Следующий этап настройки – политики трафика, раздел Policies -> Security. Пример настройки показан на рисунке 8. Логика работы правил такая же, как у всех межсетевых экранов. Правила проверяются сверху вниз, до первого совпадения. Краткое описание правил:

image


Рисунок 8 — Пример настройки сетевых правил

Для настройки NAT используется раздел Policies -> NAT. Пример настройки NAT показан на рисунке 9.

image


Рисунок 9 – Пример настройки NAT

Для любого трафика из internal в external можно изменить адрес источника на внешний IP-адрес межсетевого экрана и использовать динамический адрес порта (PAT).

4. Настройка профиля аутентификации LDAP и функции User Identification
Перед подключением пользователей через SSL-VPN необходимо настроить механизм аутентификации. В данном примере аутентификация будет происходить на контроллере домена Active Directory через веб-интерфейс Palo Alto Networks.

image


Рисунок 10 – LDAP профиль

Для того, чтобы аутентификация работала, нужно настроить LDAP Profile и Authentication Profile.
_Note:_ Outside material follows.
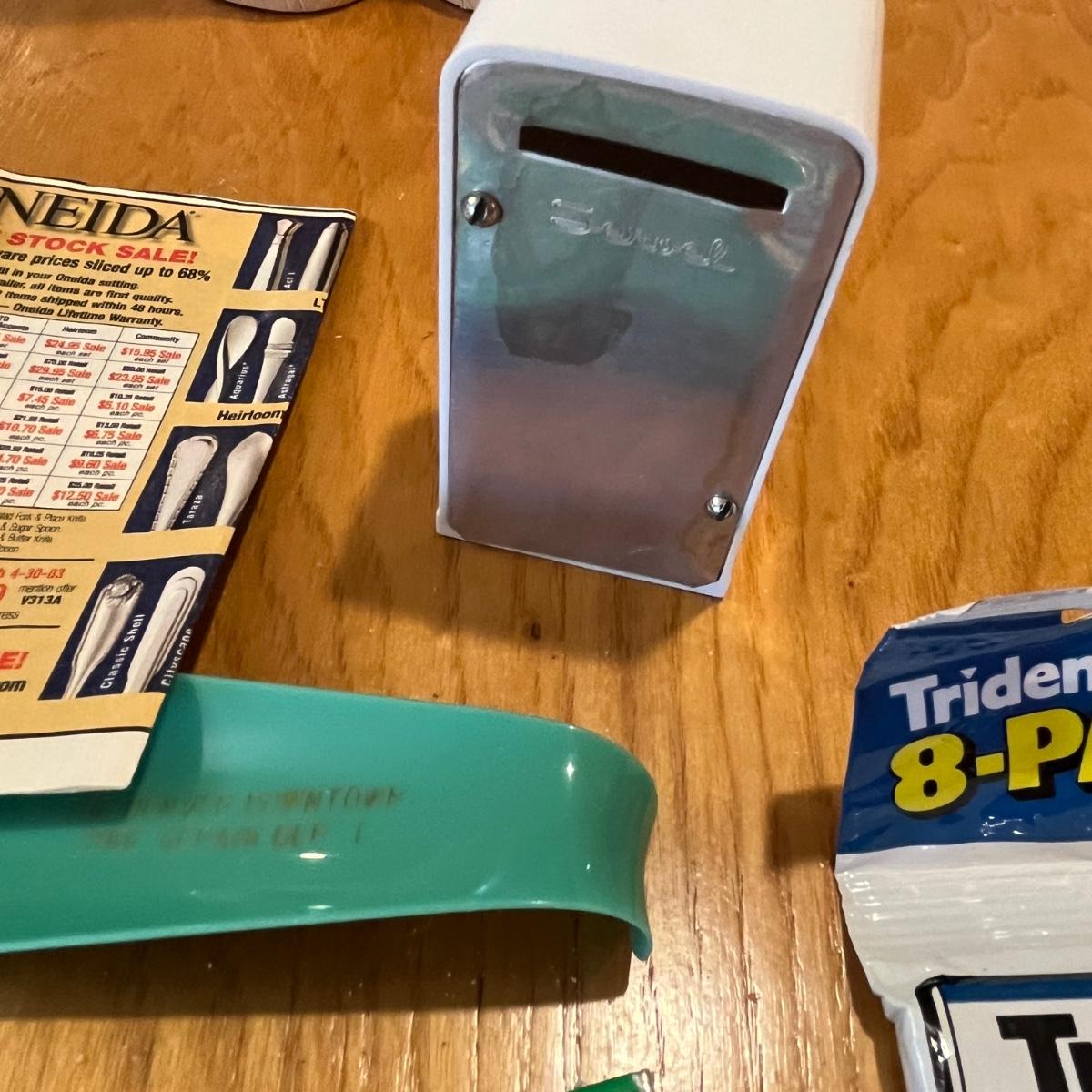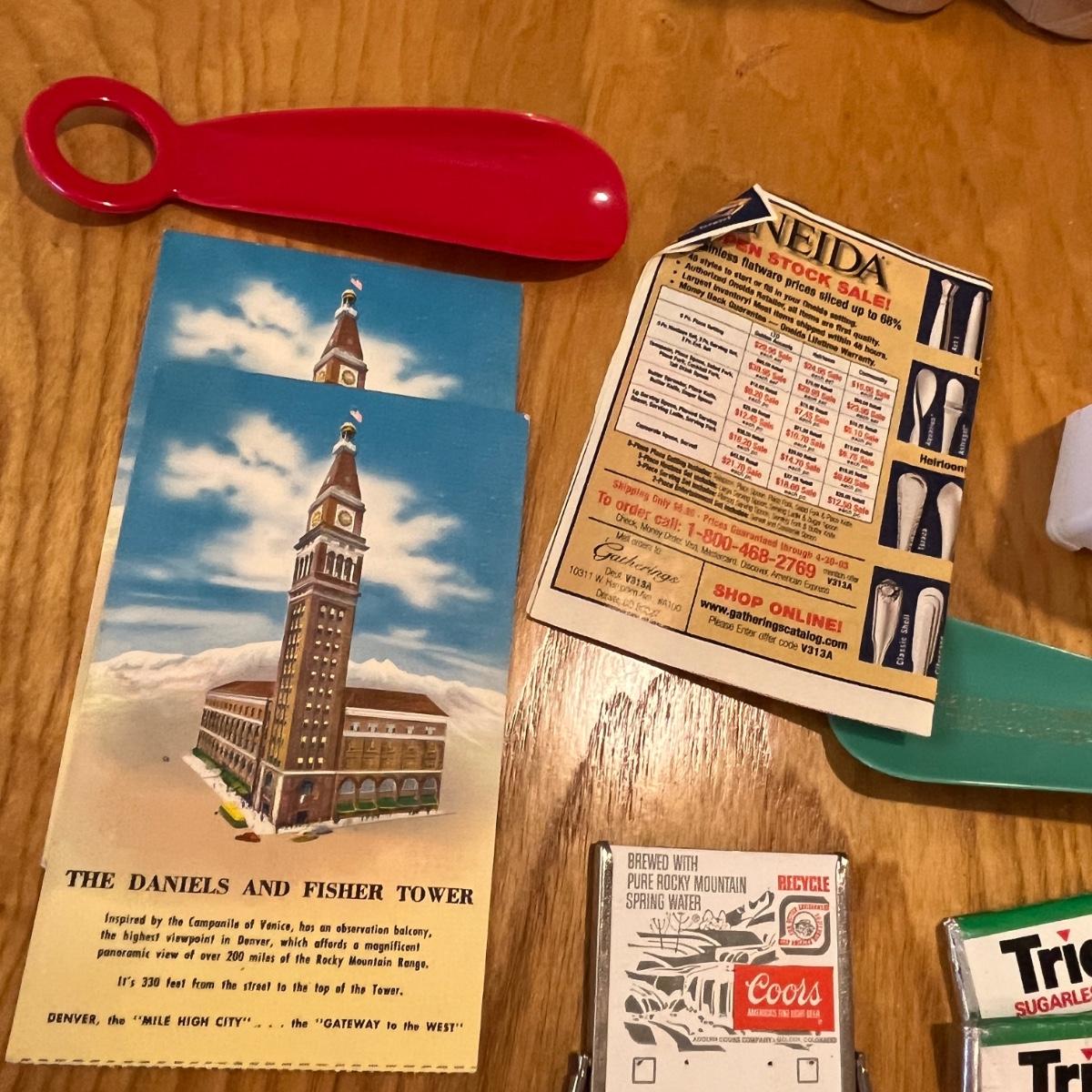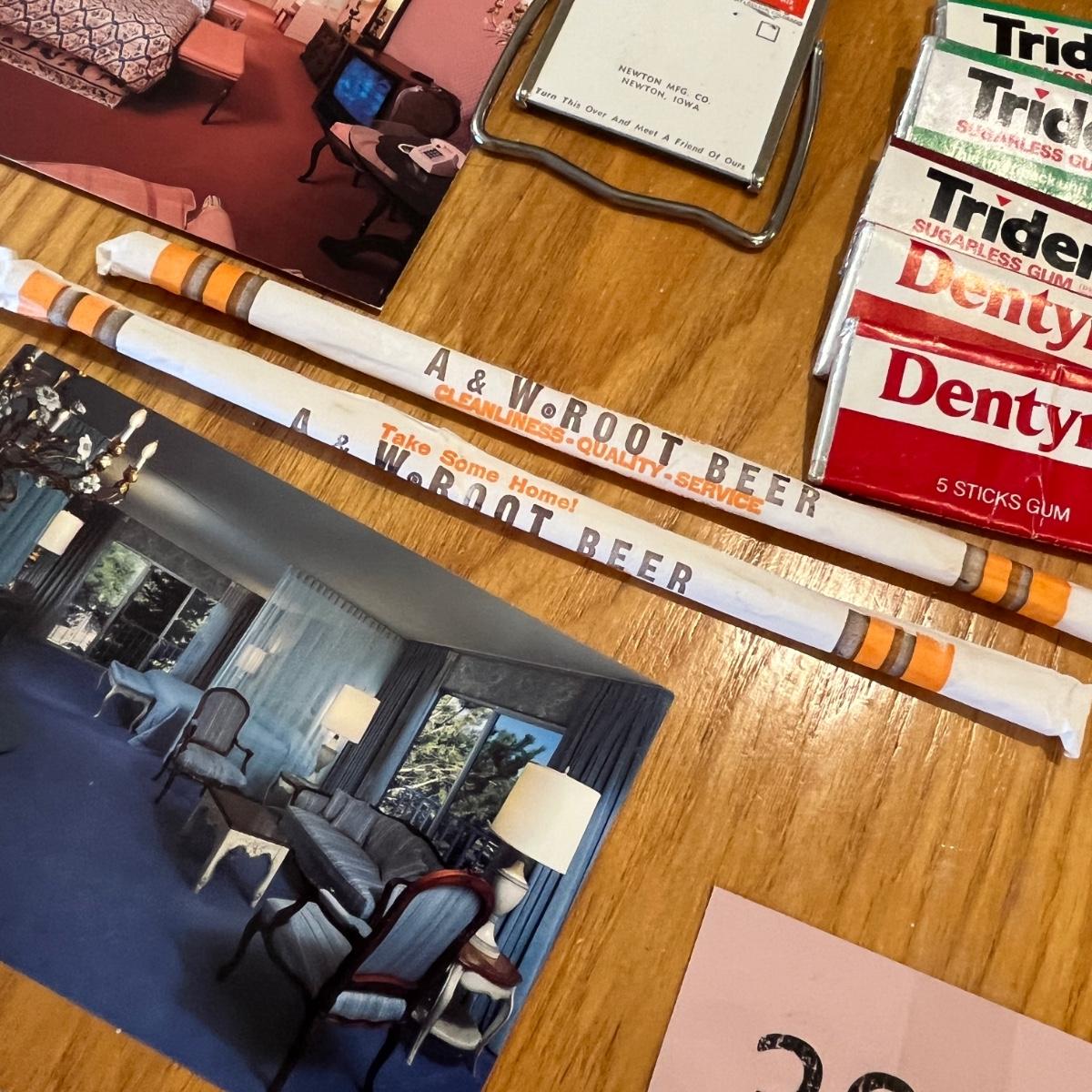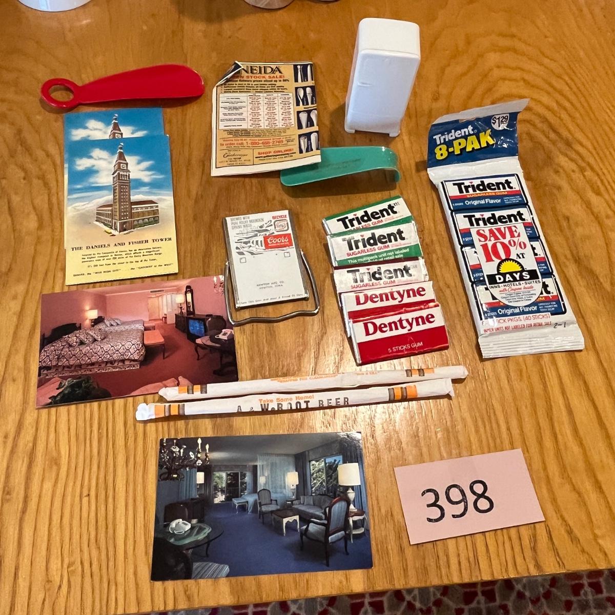 Vintage post cards, gum, straws, & a refrigerator bank.

В разделе Device -> Server Profiles -> LDAP (рис. 10) нужно указать IP-адрес и порт контроллера домена, тип LDAP и учетную запись пользователя, входящего в группы Server Operators, Event Log Readers, Distributed COM Users. Затем в разделе Device -> Authentication Profile создаем профиль аутентификации (рис. 11), отмечаем ранее созданный LDAP Profile и во вкладке Advanced указываем группу пользователей (рис. 12), которым разрешен удаленный доступ. Важно отметить в профиле параметр User Domain, иначе авторизация на основе групп не будет работать. В поле должно быть указано NetBIOS имя домена.

image


Рисунок 11 – Профиль аутентификации

image


Рисунок 12 – Выбор группы AD

Следующий этап – настройка Device -> User Identification. Здесь нужно указать IP-адрес контроллера домена, учетные данные для подключения, а также настроить параметры Enable Security Log, Enable Session, Enable Probing (рис. 13). В разделе Group Mapping (рис. 14) нужно отметить параметры идентификации объектов в LDAP и список групп, которые будут использоваться для авторизации. Также как в Authentication Profile, здесь нужно задать параметр User Domain.

image


Рисунок 13 – Параметры User Mapping

image


Рисунок 14 – Параметры Group Mapping

Последним шагом на этом этапе будет создание VPN-зоны и интерфейса для этой зоны. На интерфейсе нужно включить параметр Enable User Identification (рис. 15).

image


Рисунок 15 – Настройка VPN-зоны

5. Настройка SSL VPN

Для выпуска сертификата нужно создать запрос на сертификат в разделе Device -> Certificate Management -> Certificates -> Generate. В запросе указываем имя сертификата и IP-адрес или FQDN веб-портала (рис. 16). После генерации запроса скачиваем .csr файл и копируем его содержимое в поле запроса сертификата в веб-форму AD CS Web Enrollment. В зависимости от настройки центра сертификации, запрос на сертификат нужно одобрить и скачать выпущенный сертификат в формате Base64 Encoded Certificate. Дополнительно нужно скачать корневой сертификат центра сертификации. Затем нужно импортировать оба сертификата на межсетевой экран. При импорте сертификата для веб-портала необходимо выделить запрос в статусе pending и нажать import. Имя сертификата должно совпадать с именем, указанным ранее в запросе. Имя корневого сертификата можно указать произвольно. После импорта сертификата необходимо создать SSL/TLS Service Profile в разделе Device -> Certificate Management. В профиле указываем ранее импортированный сертификат.

image


Рисунок 16 – Запрос на сертификат

Следующий шаг – настройка объектов Glоbal Protect Gateway и Global Protect Portal в разделе Network -> Global Protect. В настройках Glоbal Protect Gateway указываем внешний IP-адрес межсетевого экрана, а также ранее созданные SSL Profile, Authentication Profile, туннельный интерфейс и IP-настройки клиента. Нужно задать пул IP-адресов, из которого будет назначен адрес клиенту, и Access Route – это подсети, к которым будет маршрут у клиента. Если стоит задача завернуть весь трафик пользователя через межсетевой экран, то нужно указать подсеть 0.0.0.0/0 (рис. 17).

image


Рисунок 17 – Настройка пула IP адресов и маршрутов

Затем необходимо настроить Global Protect Portal. Указываем IP-адрес межсетевого экрана, SSL Profile и Authentication Profile и список внешних IP-адресов межсетевых экранов, к которым будет подключаться клиент. Если межсетевых экранов несколько, можно выставить для каждого приоритет, в соответствии с которым пользователи будут выбирать межсетевой экран для подключения.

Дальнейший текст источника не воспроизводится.